#### Material for the task:
....

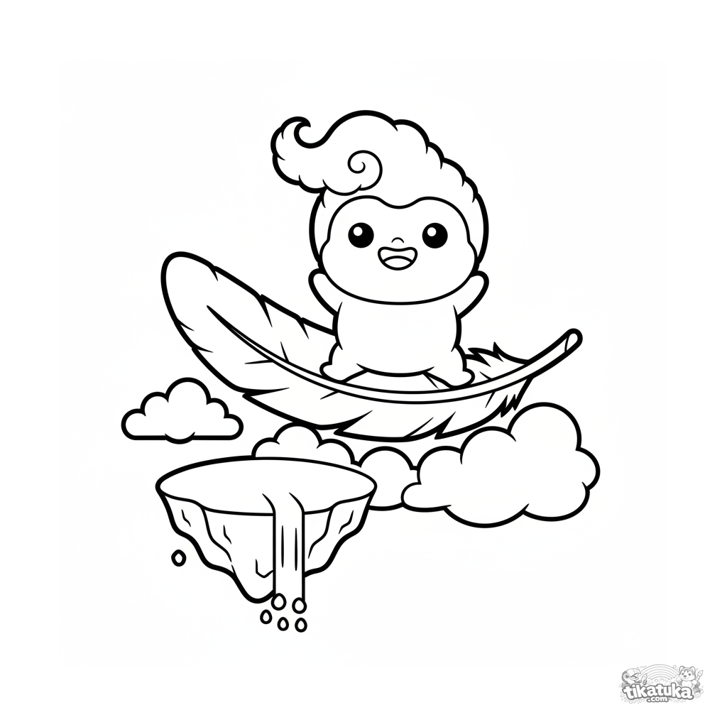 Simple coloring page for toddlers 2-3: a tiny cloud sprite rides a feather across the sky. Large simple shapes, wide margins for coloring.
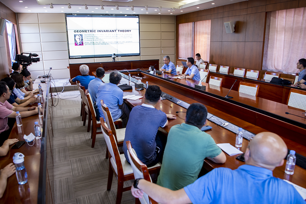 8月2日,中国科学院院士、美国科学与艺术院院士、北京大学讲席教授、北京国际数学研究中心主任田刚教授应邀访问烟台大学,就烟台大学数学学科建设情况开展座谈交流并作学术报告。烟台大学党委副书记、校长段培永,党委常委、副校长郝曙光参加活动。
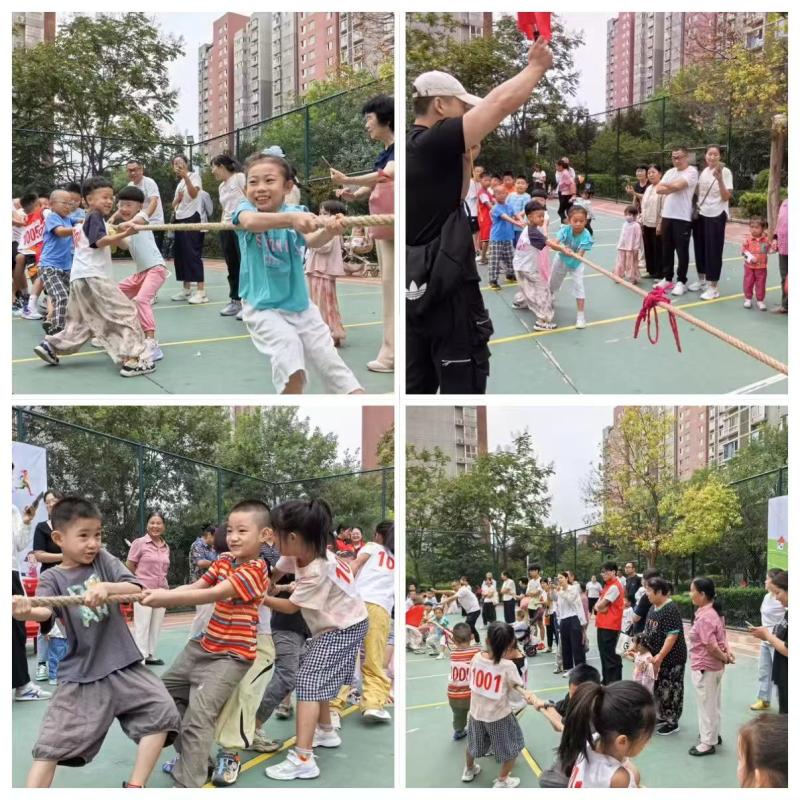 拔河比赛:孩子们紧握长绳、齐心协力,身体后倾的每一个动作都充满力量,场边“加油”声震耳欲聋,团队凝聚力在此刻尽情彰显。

....

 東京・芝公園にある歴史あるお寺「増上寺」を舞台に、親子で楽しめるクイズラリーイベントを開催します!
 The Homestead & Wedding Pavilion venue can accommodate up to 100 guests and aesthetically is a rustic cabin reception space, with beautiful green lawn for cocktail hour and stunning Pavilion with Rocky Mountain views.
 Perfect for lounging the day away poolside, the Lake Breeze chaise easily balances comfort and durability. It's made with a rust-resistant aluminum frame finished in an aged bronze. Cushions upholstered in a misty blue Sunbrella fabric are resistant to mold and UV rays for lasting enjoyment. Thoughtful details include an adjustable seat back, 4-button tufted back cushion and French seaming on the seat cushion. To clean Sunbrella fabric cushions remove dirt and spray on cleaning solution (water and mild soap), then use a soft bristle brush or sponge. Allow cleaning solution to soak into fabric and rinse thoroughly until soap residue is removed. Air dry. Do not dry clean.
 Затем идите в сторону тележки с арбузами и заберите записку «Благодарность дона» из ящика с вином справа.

....

The reply should hold the entries above from the line with "Simple coloring page" to the line with "拔河比赛:孩子们紧握长绳、齐", duplicated exactly, pictures excluded.

 Simple coloring page for toddlers 2-3: a tiny cloud sprite rides a feather across the sky. Large simple shapes, wide margins for coloring.
 8月2日,中国科学院院士、美国科学与艺术院院士、北京大学讲席教授、北京国际数学研究中心主任田刚教授应邀访问烟台大学,就烟台大学数学学科建设情况开展座谈交流并作学术报告。烟台大学党委副书记、校长段培永,党委常委、副校长郝曙光参加活动。
 拔河比赛:孩子们紧握长绳、齐心协力,身体后倾的每一个动作都充满力量,场边“加油”声震耳欲聋,团队凝聚力在此刻尽情彰显。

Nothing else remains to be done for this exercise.